Yunanistan dalgası fırsat mı tehdit mi?
Yunan halkı Avrupa Birliğinin istediği “kemer sıkma politikasını” oylamak üzere pazar günü referanduma gidiyor. Siz bu satırları okurken referandum sonucu açıklanmış olacak. Dolayısıyla amacım referandum sonucunu tahmin etmek değil “evet” ve “hayır” senaryolarında piyasaların tepkisini tartışmak ve yatırımcılara nasıl davranabilecekleri konusunda ipucu vermek.
Sonda söyleyeceğimi başta özetleyeyim. Referandum sonuçları Yunanistan için büyük, Avrupa ve dünya için küçük bir adım olacak. Dolayısıyla Pazartesi günü piyasaların vereceği sert tepkileri sinirleri sağlam ve mali gücü yerinde yatırımcıların ters yönde pozisyon almak için fırsat olarak görüyorum.
Referandum öncesi yapılan son kamuoyu anketleri “hayır” diyenlerin %51-53 gibi oyla çoğunlukta olduğunu gösteriyor. Referandum öncesi yaptığı konuşmalarda Başbakan Tsipras “hayır” sonucunun avrodan çıkmak anlamına gelmeyeceği ancak Avrupa ile görüşmelerde Yunanistan’ın elini güçlendireceği konusunu işledi. Anket sonuçları halkı ikna etme konusunda kısmen başarılı olduğunu gösteriyor.
Referandum sonucunda “hayır” çıkmasının Yunanistan’ın avrodan çıkması anlamına gelmediğine inanıyoruz. Yunan halkı avrodan çıkış macerasına hazır değil. Ancak “hayır” senaryosunda müzakerelere ara verilmesi ve taze kaynak sağlanmaması riskinin artması nedeniyle Yunan piyasalarında dalga boyu çok yüksek olacak. Buna karşı Avrupa ekonomisinde ve piyasalarda büyük resim değişmeyecek.

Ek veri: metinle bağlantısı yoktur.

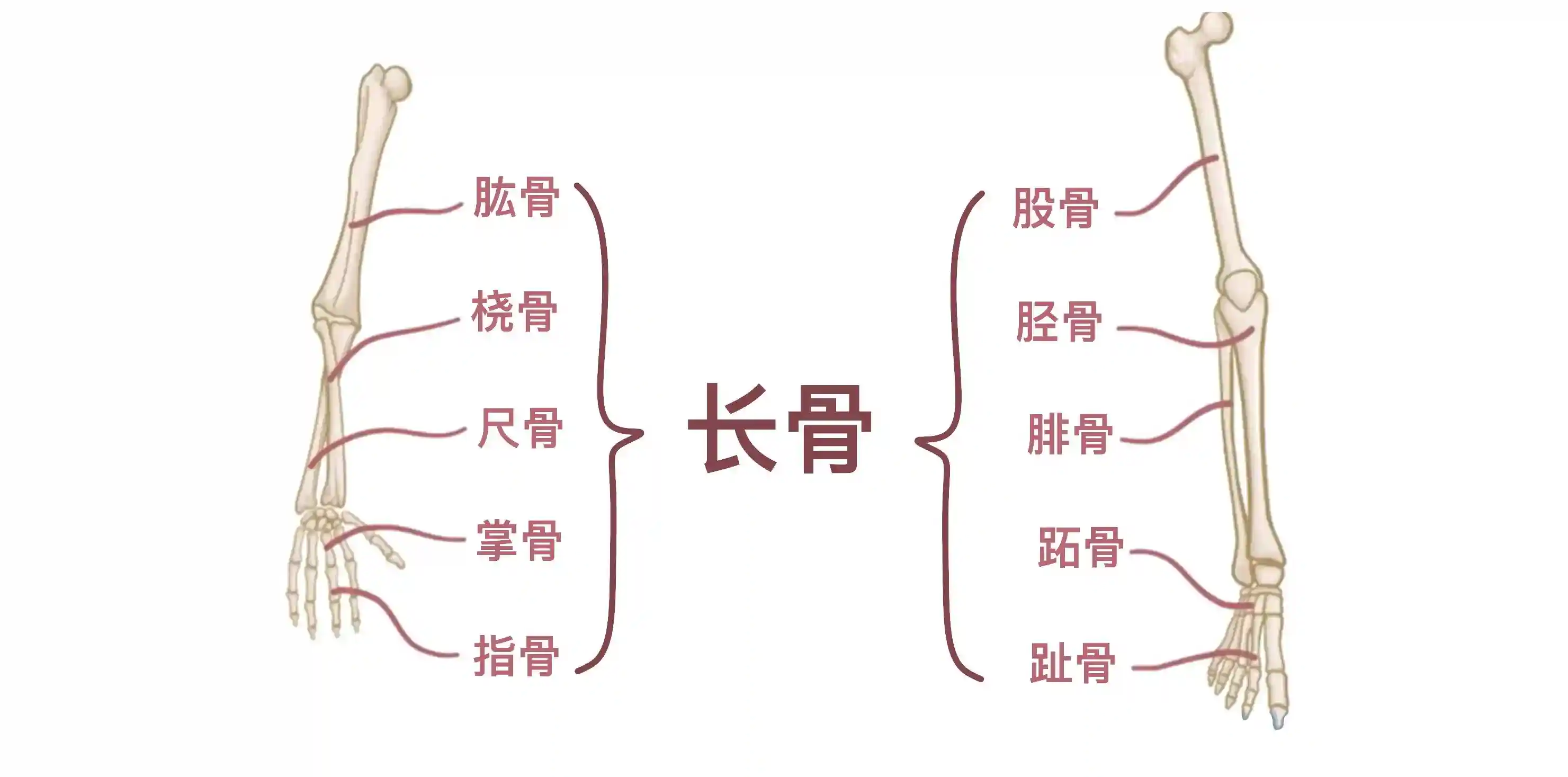 长骨也包括股骨、胫骨、腓骨,以及足部和脚趾的跖骨和趾骨。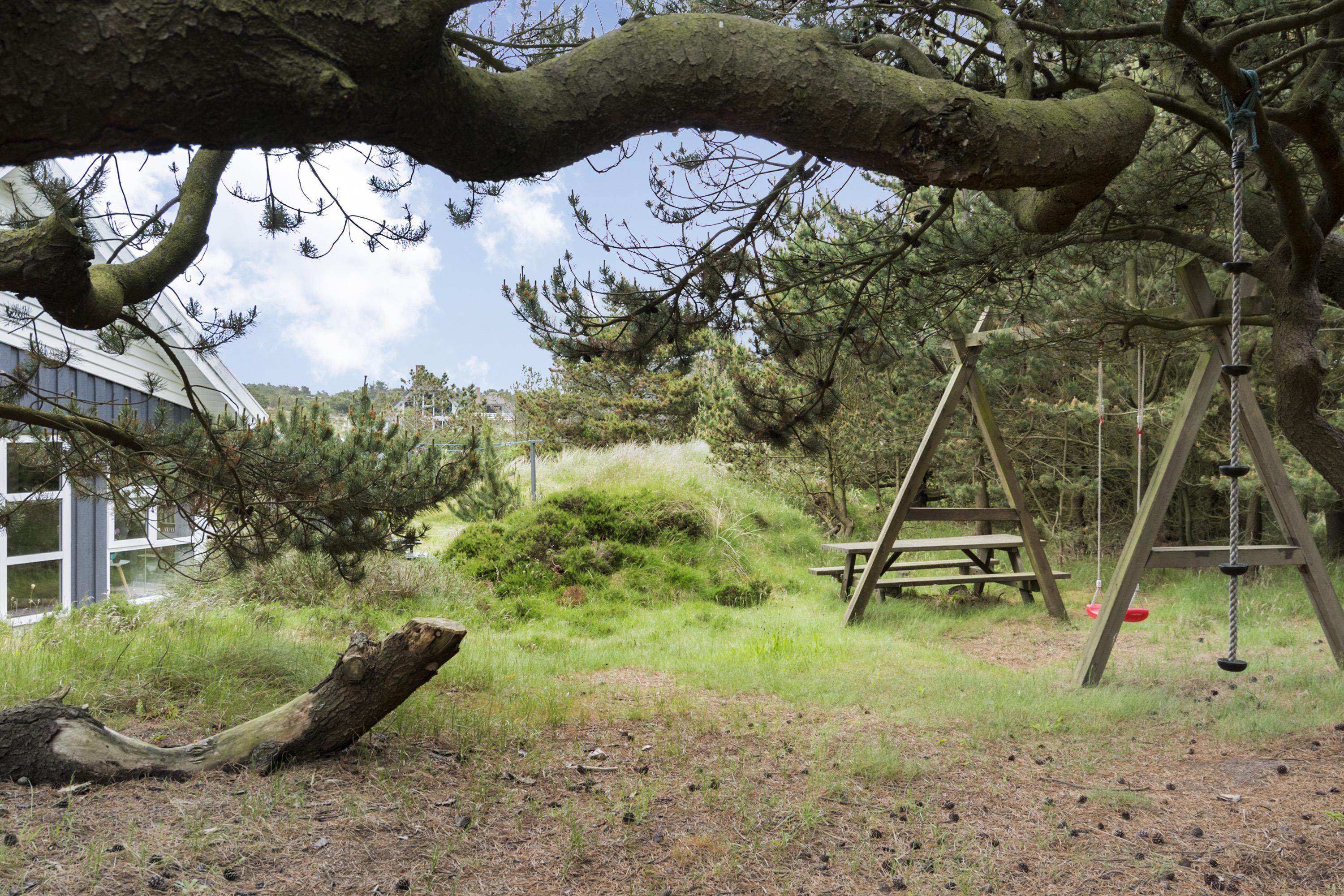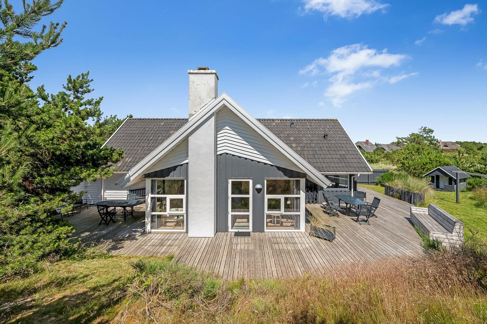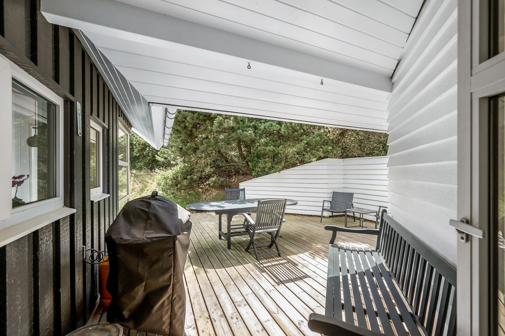 Med flere terrasser rundt om huset, kan du altid finde et hyggeligt hjørne med enten sol eller læ. Her er der havemøbler, grill, liggestole og parasol til rådighed. Fra terrasserne kan du lade blikket vandre ud på den skønne naturgrund. I 2020 er der lavet en ny stor træterrasse med integreret sandkasse.

Yunanistan referandumundan çıkabilecek “hayır” sonucunun Avrupa geneline etkisinin sınırlı olmasının arkasında üç temel neden var: (i) Yüksek borçlu ülkeler ekonomilerini yeniden dengeleyerek kırılganlıklarını azalttı. (ii) Avrupa bankalarının Yunanistan’a verdikleri krediler 200 milyar dolar civarından 35 milyar dolar civarına geriledi. (iii) Son üç yılda krizlerin çevre ülkelere yayılmaması için önemli mekanizmalar geliştirildi.
Yunanistan merkezli depremin çevreye ülkelere yayılması durumunda Avrupa Merkez Bankasının büyük bazukasını çıkartıp müdahale edeceğine inanıyoruz. Hayır senaryosunda Türkiye piyasalarında döviz kurunda, tahvil ve hisse senedi piyasalarında sert dalgalanmalar olursa tecrübeli yatırımcılar ters yönde pozisyon alıp Avrupa Merkez Bankası’nın müdahalesini bekleyebilir.
Referandum sonucunda “evet” çıkması durumunda ilk piyasa tepkisi gerek Yunanistan gerekse Avrupa için olumlu olacak. Ancak, yükselişin şiddeti ve devamlılığı Syriza hükümetinin ne yapacağına bağlı olarak belirlenecek.
Syriza hükümetinin istifa etmesi ve yeni bir hükümet kurulması senaryosunda Yunanistan için ümidini koruyan piyasalarda yükseliş devam edebilir. Hükümetin bir şey olmamış gibi yoluna devam etmeye çalışması durumunda ise piyasalardaki yükseliş tersine dönebilir.
Her hâlükârda bu olumlu senaryonun Avrupa ekonomisinde önemli bir etki yaratmasını beklemiyoruz. Piyasalar kutlamaların dozunu abartırsa gerek Avrupa gerekse Türkiye gibi yüksek betalı piyasalarda satış fırsatı doğabilir.
Toparlayacak olursak. Referandum sonuçları Yunanistan için büyük, Avrupa ve dünya için küçük bir adım olacak. Referandum sonuçlarına sonuçlarına bağlı olarak Yunanistan politika sahnesinde radikal sol hükümetin zayıfl ayıp zayıflamadığı belli olacak. Ancak Avrupa’daki büyük resim değişmeyecek. Piyasaların referandum sonuçlarına aşırı tepki vermesi durumunda ters yönde pozisyon almak için fırsat doğabilir.